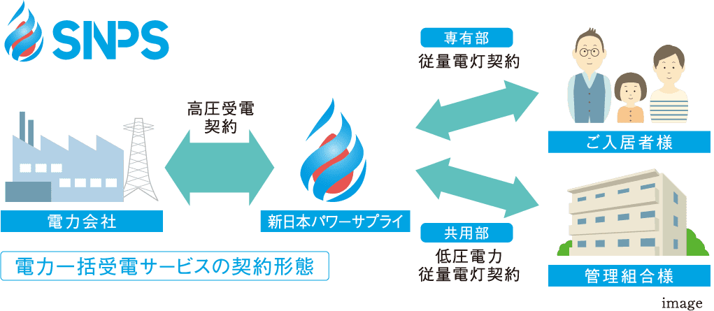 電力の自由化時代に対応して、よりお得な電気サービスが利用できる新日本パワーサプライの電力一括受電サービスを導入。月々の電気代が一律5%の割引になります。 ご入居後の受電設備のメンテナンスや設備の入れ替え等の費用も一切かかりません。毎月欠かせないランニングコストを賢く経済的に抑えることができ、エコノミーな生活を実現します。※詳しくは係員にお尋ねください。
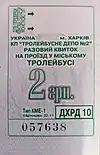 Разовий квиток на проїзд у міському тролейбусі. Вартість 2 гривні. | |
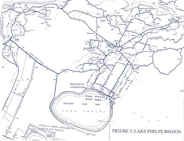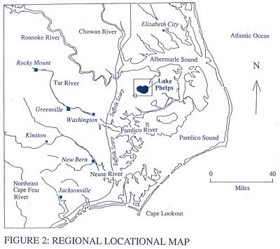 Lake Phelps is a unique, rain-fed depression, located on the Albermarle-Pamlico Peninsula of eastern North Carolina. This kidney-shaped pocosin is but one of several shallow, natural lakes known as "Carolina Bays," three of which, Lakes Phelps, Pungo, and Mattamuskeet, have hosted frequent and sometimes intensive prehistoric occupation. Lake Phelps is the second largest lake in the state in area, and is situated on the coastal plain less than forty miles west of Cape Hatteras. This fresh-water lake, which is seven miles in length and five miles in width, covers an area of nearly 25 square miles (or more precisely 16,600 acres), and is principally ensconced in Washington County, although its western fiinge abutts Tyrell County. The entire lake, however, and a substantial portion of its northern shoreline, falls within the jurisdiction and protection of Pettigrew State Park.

### Instructions to follow
Write out the whole listing above exactly, minus images.

### Finished task
 電力の自由化時代に対応して、よりお得な電気サービスが利用できる新日本パワーサプライの電力一括受電サービスを導入。月々の電気代が一律5%の割引になります。 ご入居後の受電設備のメンテナンスや設備の入れ替え等の費用も一切かかりません。毎月欠かせないランニングコストを賢く経済的に抑えることができ、エコノミーな生活を実現します。※詳しくは係員にお尋ねください。
 Разовий квиток на проїзд у міському тролейбусі. Вартість 2 гривні. | |
 Lake Phelps is a unique, rain-fed depression, located on the Albermarle-Pamlico Peninsula of eastern North Carolina. This kidney-shaped pocosin is but one of several shallow, natural lakes known as "Carolina Bays," three of which, Lakes Phelps, Pungo, and Mattamuskeet, have hosted frequent and sometimes intensive prehistoric occupation. Lake Phelps is the second largest lake in the state in area, and is situated on the coastal plain less than forty miles west of Cape Hatteras. This fresh-water lake, which is seven miles in length and five miles in width, covers an area of nearly 25 square miles (or more precisely 16,600 acres), and is principally ensconced in Washington County, although its western fiinge abutts Tyrell County. The entire lake, however, and a substantial portion of its northern shoreline, falls within the jurisdiction and protection of Pettigrew State Park.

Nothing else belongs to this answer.